Тамир глянул на Аепу. А тот на сотника. Тишина разлилась, что было слышно, как потрескивают ветви в очаге, всем, видимо, хотелось услышать ответ, верно, самый главный, когда встречаются два чужих племени. Князь положил руку на стол, сжимая наполненный рог — тоже ждал ответа, да всё же бросил на Далебора строгий взгляд.

— У нас богов и духов много, но один, — ответил Тамир Далебору, — самый главный — Тенгри-хан.
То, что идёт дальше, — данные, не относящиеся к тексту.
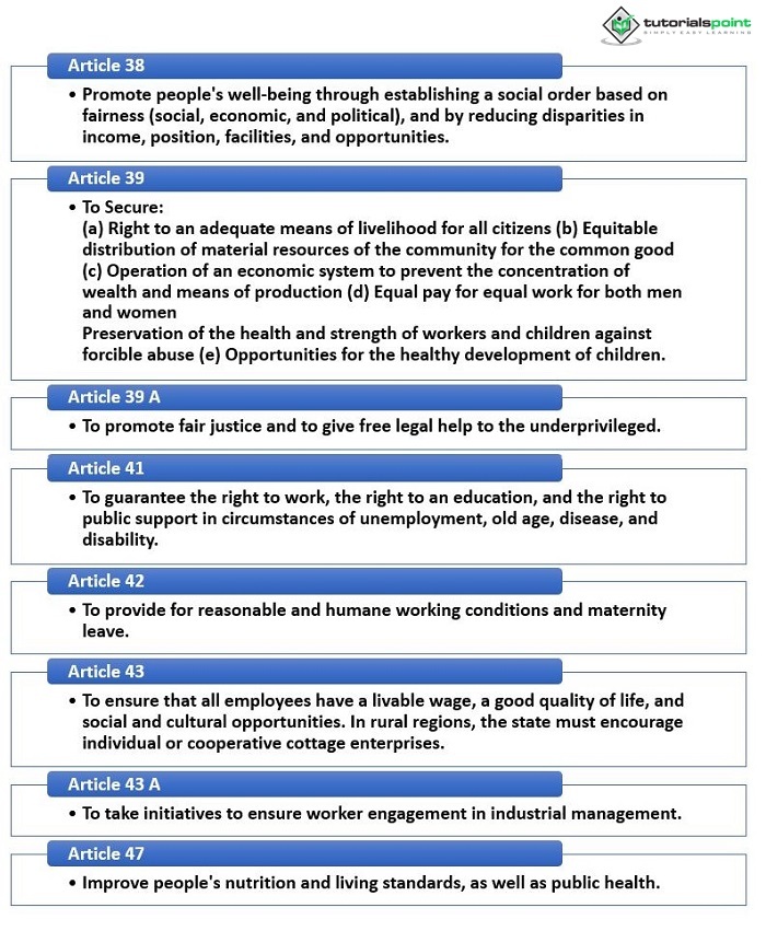 國家政策指導原則的目的是“國家福利”。指導原則是中央和州政府在制定政策或透過立法時必須遵循的準則。它們確立了適合印度獨特情況的具體社會、經濟或政治理念。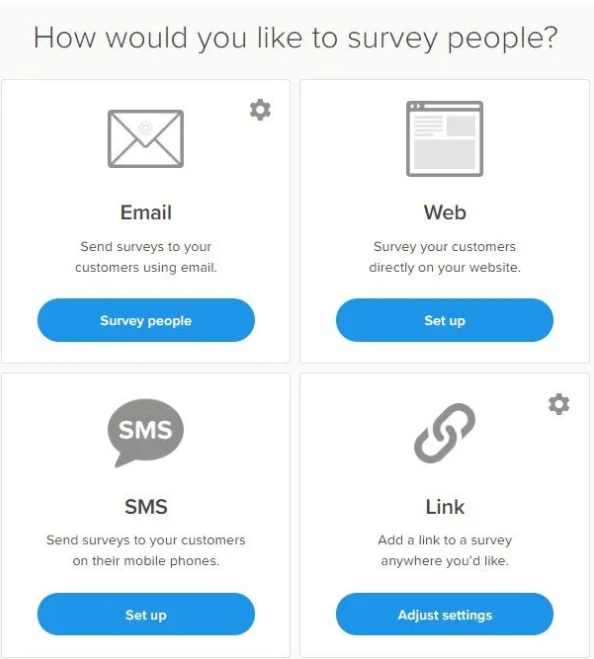 Delighted has a number of ways to send a survey, including Email, Web, SMS, and adding a Link.

Полог в очередной раз приоткрылся, нарушив вновь повисшее молчание, впуская вместе с вечерней прохладой ещё одного гридня. Годуяр, оторвав внимательный взор от хазарича, бросил хмурый в ту сторону. Тамир заметил, как сей миг изменилось его лицо — потеплел будто взгляд. Посмотрел в ту же сторону — что князь увидел такого? Да по груди жар пронёсся огнём жидким, едва взгляд упал на девицу, что вошла в шатёр в сопровождении светловолосого гридня.

-------------------

[1] Степная пустельга — мелкая хищная птица семейства соколиных.

Глава 26

Пустельга его, та самая. Что она делает тут? Дочь князя? Или невеста уже чья? Жена? Только нарядов на ней не было никаких, что говорили бы о положении. Тамир скользнул по ней взглядом, отмечая одёжу её богатую: бурое верхнее платье с рукавами до локтя и разрезами по бокам до бёдер, под низом — другое платье, льняное, светлое, видны вышивка по подолу из красной нити, запястья тесьмой стянуты. Стало быть, собиралась к князю тщательно, и волосы густые свои сплела туго — толстой косой по плечу ложились до самого живота, стянут лоб лентой с тяжёлыми подвесками, что сверкали бликами от огней, чертя по лицу отсветы, делая глаза ещё желтее, будто золото червлёное в них разлилось. Мягкие полные губы на овальном лице сомкнуты плотно, притягивали взгляд своей сочностью. И глаза… какие же глаза у неё! Тамир и не видел таких никогда, посмотришь в них — и себя потеряешь в тени пушистых ресниц, что подрагивали, когда она взволнованно оглядела мужей, что сидели за столом, повернув головы в её сторону. А у Тамира отчего-то загорелось внутри, сжало горло.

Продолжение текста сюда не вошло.